Monday, May 28, 2007

Living with the Elderly

"Getting old isn't for pussies." My dad said, remarking about his parents who now live with us.

To me, my grandparents were always old; when I was born my grandfather was already 76 years-old. Now he's 98. I've seen him lose his sight, his hearing, and his ability to move around easy. I've seen how daunting it can be just to get up on the sidewalk in front of a convenient store and even how hard it is to put pants on in the morning.

On the other side of the coin, my cousin just had a baby. I now know that living to be in the 90s (some even younger) face the cyclical nature of life, that you will become a baby again in your old age. You'll need endless patience to care for them, and maybe even more patience to be that old. The difference between being a baby and being old is that you've had a life that you were always dependant on yourself and to watch that wither away, not being able to do anything about it, is extremely difficult.
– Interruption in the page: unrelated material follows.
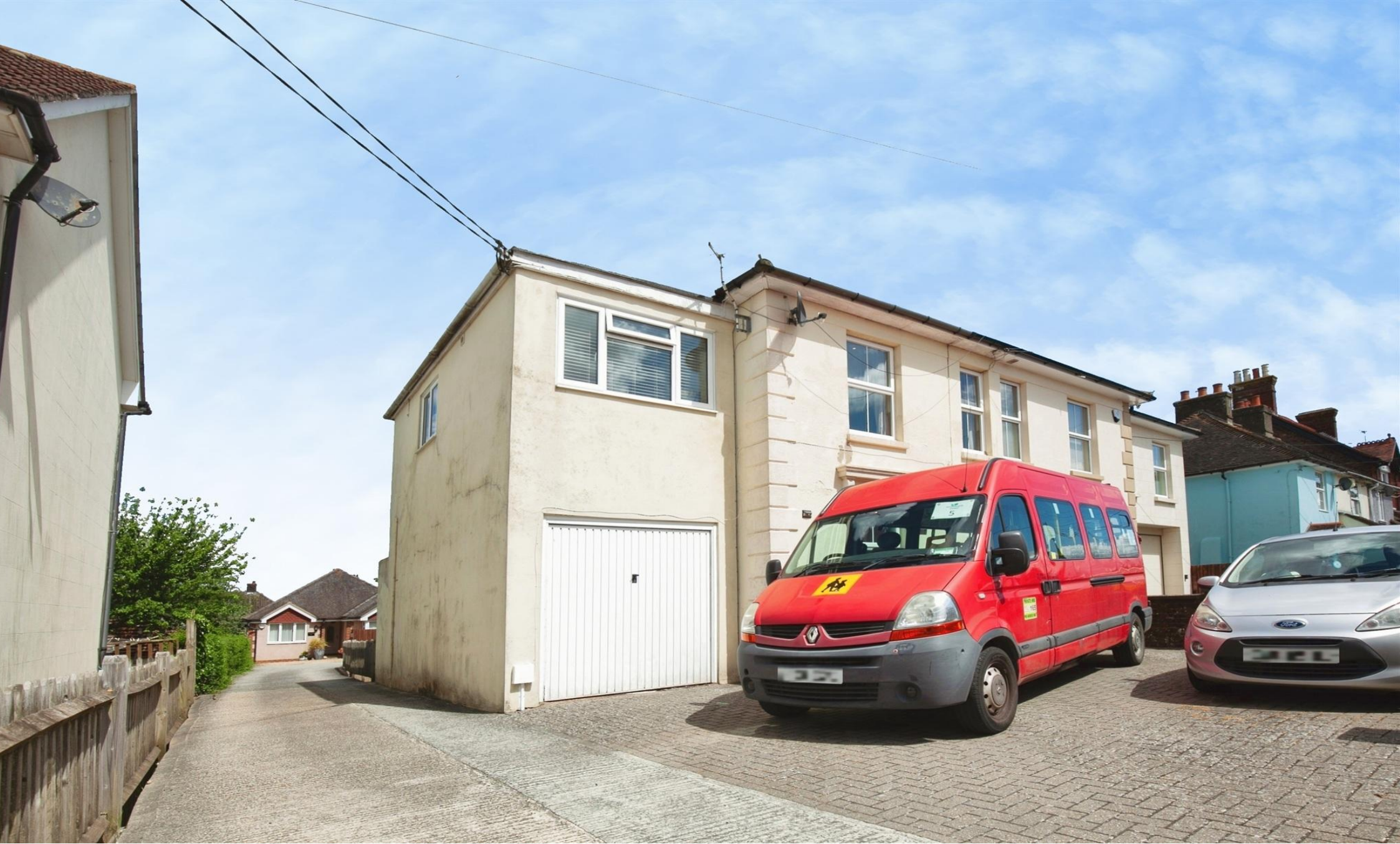
West Street, Burgess Hill, RH15 8NX

Everyday we complain about things in our life: that we have bills over due, that we hate that jackass that cut us off, that we keep getting called into work: but the truth is that without those things, we wouldn't have much to live for. Life is made of complications, and when you get old they are abundant, but none of them are yours alone. The children that you raised are going to be the ones helping you then. Privacy is a thing of the past. In the end, we may lose our dignity, just to live another few years. Living with with the elderly has taught me one thing, humility, because in the end you're going to go out with nothing but the love of the people that you raised, the generation that followed you. All the friends that my grandfather had made in his life are gone now. He has lived through two world wars, people landing on the moon, the invention of the TV, radio, Internet, computer.... He still has his memories and the love of his family, but for a lot of people they have neither.

My grandfather has lived a long and caring life. He never hesistated to help those in need around him. Which proves to me that those that constantly destroy the relationships around them, that try not to mend ties between broken family members or friends, are going to find themselves desperately alone in the end. That should be enough to scare anyone, I know it scares me.

It is hard to watch the people that you love, the people that took you fishing, the people that taught you how drive, the people that taught you a lot about life, get old. Part of it is a selfish thing, that you know you will be in those same shoes one day. Mostly though, its watching someone whose life seemed so bright to you, start to dim, knowing that you can't do anything about it but make them as comfortable as possible.

The relationship between my grandparents uplifts me . They are a team, constantly looking out for each other. My grandmother has a tumor in her leg and for a long time my grandfather looked after her, now she looks after him as best she can. Without that tie, I know that both of them would have a much harder time. The divorce rate in this country is very high, but if people knew that in the end your going to want someone that you've known for a long time by your side, a lot of them might think differently... Because without each other, we have nothing.